Created attachment 27617 [details] Patch for issue Found a handful of Word files that cause ArrayIndexOOB. (Unable to attach sample due to sensitive nature of files). Patch included, essentially the pictureBytesStartOffset used for a System.arraycopy() is sometimes set to a negative value. Fix uses an existing less-than check but also makes sure it's greater than zero before using the new value rather than the default PICTF1BlockOffset. Stack Trace: (POI-3.8-beta4) Caused by: java.lang.ArrayIndexOutOfBoundsException at java.lang.System.arraycopy(Native Method) at org.apache.poi.hwpf.usermodel.Picture.fillRawImageContent(Picture.java:363) at org.apache.poi.hwpf.usermodel.Picture.getRawContent(Picture.java:203) at org.apache.poi.hwpf.usermodel.Picture.fillImageContent(Picture.java:372) at org.apache.poi.hwpf.usermodel.Picture.getContent(Picture.java:191) at org.apache.poi.hwpf.usermodel.Picture.suggestPictureType(Picture.java:330) at org.apache.poi.hwpf.usermodel.Picture.suggestFileExtension(Picture.java:315) at org.apache.poi.hwpf.usermodel.Picture.suggestFullFileName(Picture.java:150) at org.apache.tika.parser.microsoft.WordExtractor$PicturesSource.<init>(WordExtractor.java:504) at org.apache.tika.parser.microsoft.WordExtractor$PicturesSource.<init>(WordExtractor.java:488) at org.apache.tika.parser.microsoft.WordExtractor.parse(WordExtractor.java:81) at org.apache.tika.parser.microsoft.OfficeParser.parse(OfficeParser.java:196) at org.apache.tika.parser.CompositeParser.parse(CompositeParser.java:242) ... 45 more
Created attachment 27619 [details] Replaces initial patch.. improved Changes to greater-than or equal to 0
Please, provide example doc.
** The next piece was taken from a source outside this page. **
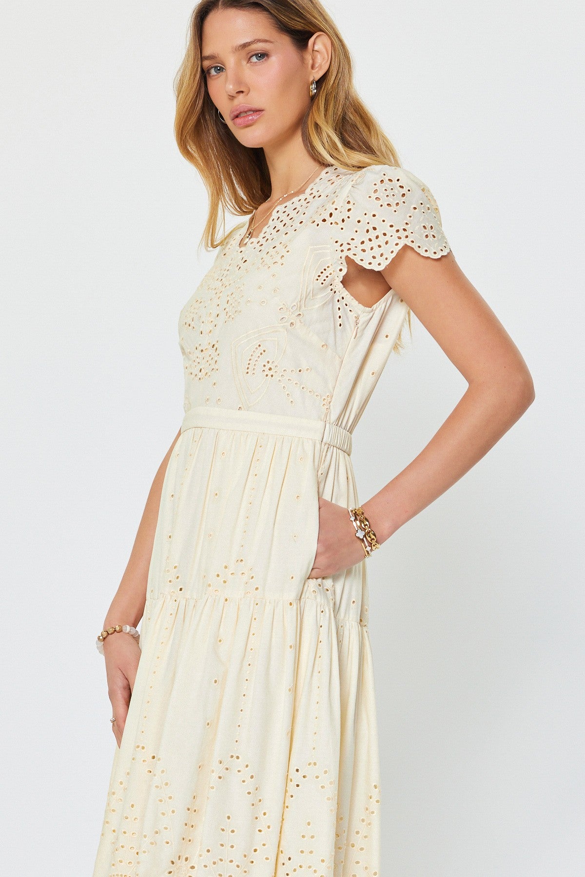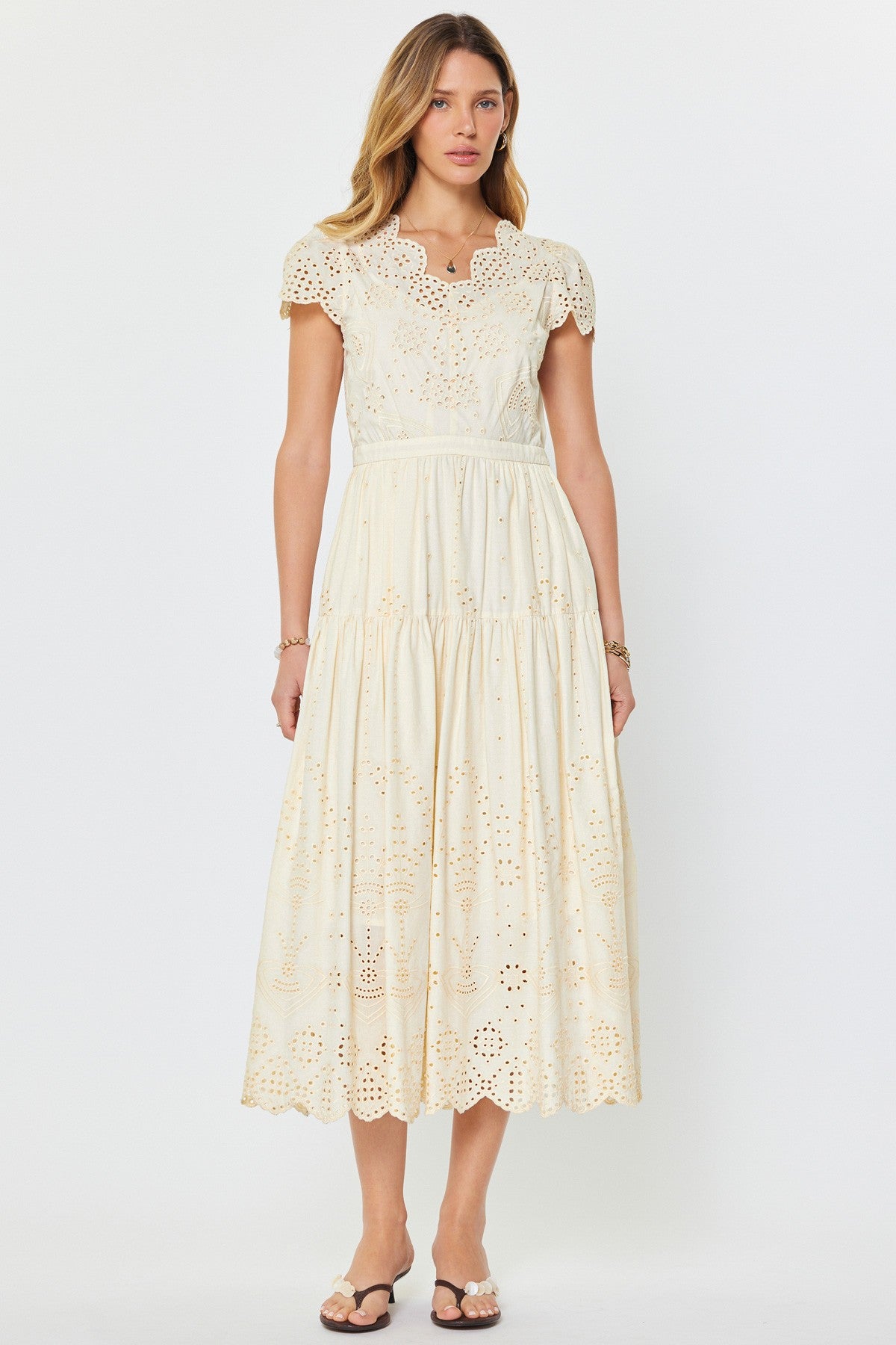 -Scalloped cap sleeves

It is possible we will be able to handle image correctly. You can send it to my email privately.
*** Bug 51890 has been marked as a duplicate of this bug. ***
Image loading is completely rewritten. Please, check r1177710 or later.
Works like a charm. (In reply to comment #4) > Image loading is completely rewritten. Please, check r1177710 or later.
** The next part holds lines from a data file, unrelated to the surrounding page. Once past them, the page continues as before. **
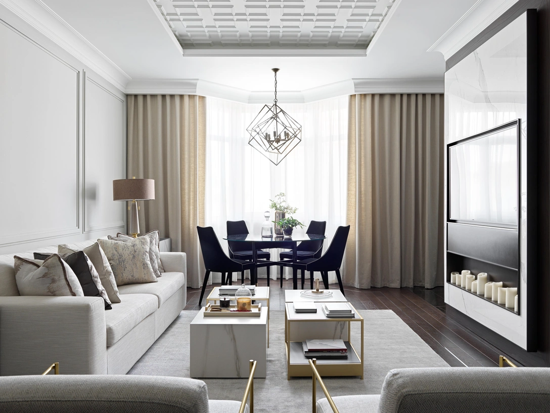Основное внимание дизайнер уделила лепному гипсовому декору. Концепция интерьера подразумевает единый цвет и материал молдингов, отделки порталов и проемов. Все декоративные элементы выполнены из гипса, и каждый был разработан специально для этого проекта. Еще одна особенность интерьера — подсветка в полу. Она подчеркивает архитектуру порталов и фактуру дерева шпонированных панелей.
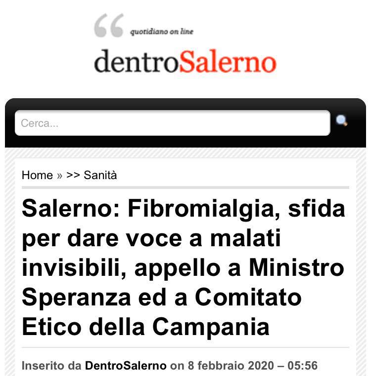 Salerno: Fibromialgia, sfida per dare voce a malati invisibili, appello a Ministro Speranza ed a Comitato Etico della Campania
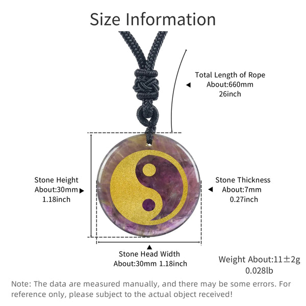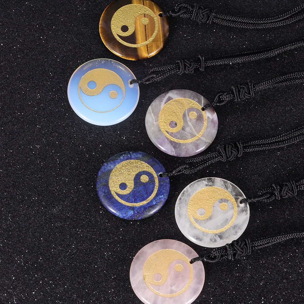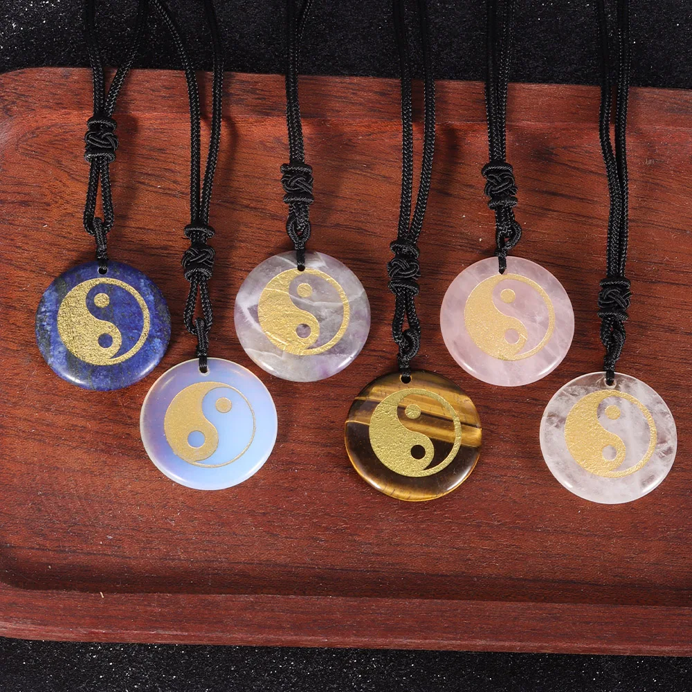 Chinese FengShui Amulet Crystal Quartz Tai Chi Yin Yang Fish Symbol Necklaces Taoist Reiki Energy Exorcism Pendants Jewelry
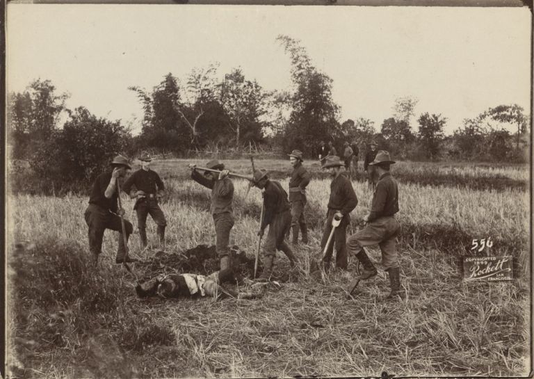 Subject: U.S. soldiers with pick and shovels dig a grave for a dead Filipino soldier in the field. See also OFI-002635 for this same image as a halftone print.
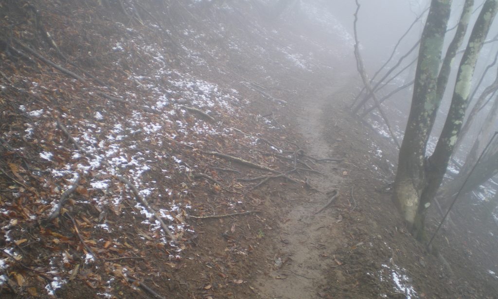 標高が上がるにつれて、道はぬかるみとなっている。昨日の雪が解けたのだろう。登り坂では相変わらず足がぴくぴくするので、そのたびにスポーツドリンクを飲んでいたらとうとう1.8リットルの在庫がなくなってしまった。あと水分はヴィダーインゼリー1パックしか残っていない。ここまで来たらがんばるしかない。
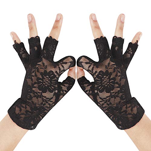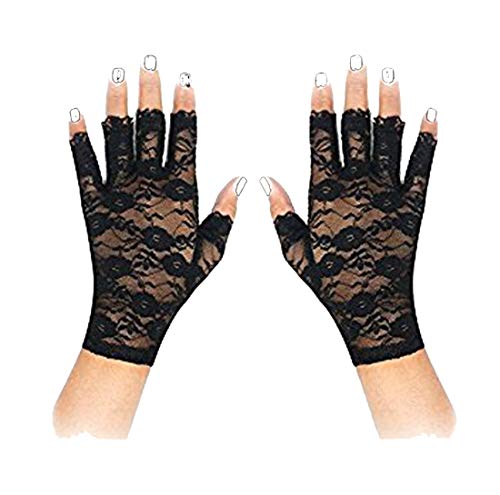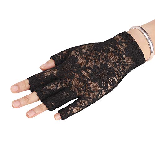 Guanti da donna in pizzo per guida, guanti a mezza dita, eleganti per ballo, serata, cerimonia Nero taglia unica
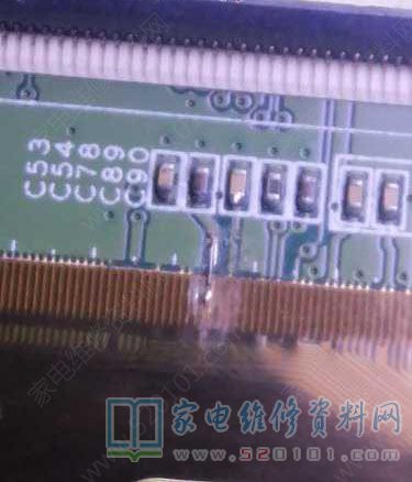 接修一台海尔55R3液晶电视,因为漏水导致灰屏,只能死马当活马医,屏边板的黄金软排线有几根线烧棚,手术刀和酒精伺候,平时都是用香蕉水和汽油,在屏上不敢用香蕉水和汽油,放大镜下,手术刀把烧糊的线割开或割断,酒精洗干净,两个边板之间直接用细漆包线连接,看了没问题,提心吊胆的上电开机,屏亮了,也有图像,发现左半边屏有一垂直竖带,10Cm宽左右,又仔细测两边板连续线,没问题,搞不定了,就这样交不了差,今天重新看边板,放大镜仔细看,边板和屏线有绿色铜锈,边刮边洗,发现有两根软排线腐蚀断了,换整个模块是没有办法了,看到高手能把边板焊好,我就不动那些好的,单独把软排线背面刮漆上锡,用细线把腐蚀点连接上,开机,正常的图像终于出来了。

Agree, definitly works for the files I was having an issue with prior. Thanks very much for your attention to this matter.
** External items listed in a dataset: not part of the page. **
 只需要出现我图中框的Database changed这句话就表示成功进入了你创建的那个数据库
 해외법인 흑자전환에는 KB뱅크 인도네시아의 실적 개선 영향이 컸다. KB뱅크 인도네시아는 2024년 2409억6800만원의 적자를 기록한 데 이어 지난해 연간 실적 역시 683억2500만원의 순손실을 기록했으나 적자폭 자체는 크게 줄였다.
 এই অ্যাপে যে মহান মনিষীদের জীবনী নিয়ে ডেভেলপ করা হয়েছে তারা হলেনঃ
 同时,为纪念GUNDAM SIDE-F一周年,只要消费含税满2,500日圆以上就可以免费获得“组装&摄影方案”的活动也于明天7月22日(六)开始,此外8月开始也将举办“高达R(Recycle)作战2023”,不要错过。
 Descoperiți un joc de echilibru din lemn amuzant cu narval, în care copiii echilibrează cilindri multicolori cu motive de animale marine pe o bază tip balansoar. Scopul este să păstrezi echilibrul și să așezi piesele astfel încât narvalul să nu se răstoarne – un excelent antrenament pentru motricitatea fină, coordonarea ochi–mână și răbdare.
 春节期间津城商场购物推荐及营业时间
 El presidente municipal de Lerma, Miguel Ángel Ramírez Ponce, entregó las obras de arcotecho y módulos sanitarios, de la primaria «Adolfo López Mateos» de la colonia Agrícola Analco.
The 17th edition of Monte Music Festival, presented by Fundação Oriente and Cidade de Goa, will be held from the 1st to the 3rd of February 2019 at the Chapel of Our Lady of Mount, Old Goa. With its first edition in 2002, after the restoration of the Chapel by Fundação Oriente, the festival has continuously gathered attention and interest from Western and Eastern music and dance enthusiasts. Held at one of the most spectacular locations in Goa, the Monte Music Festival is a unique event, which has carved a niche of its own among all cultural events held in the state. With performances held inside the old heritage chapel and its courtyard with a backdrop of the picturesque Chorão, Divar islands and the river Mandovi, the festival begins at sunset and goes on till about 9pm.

Sergey, Thanks for this re-work of the Picture handling logic for MS Word documents. This seems to have fixed many of the random bugs that would pop-up across a large and varying data-set. I did however uncover one bug that was introduced by these fixes, and have supplied a patch. When you get a chance, could you please take a look at Bug 51974. (https://issues.apache.org/bugzilla/show_bug.cgi?id=51974) It's essentially a null pointer exception that is encountered when parsing text via TIKA that was not present prior. Thanks in advance, Jeremy (In reply to comment #4) > Image loading is completely rewritten. Please, check r1177710 or later.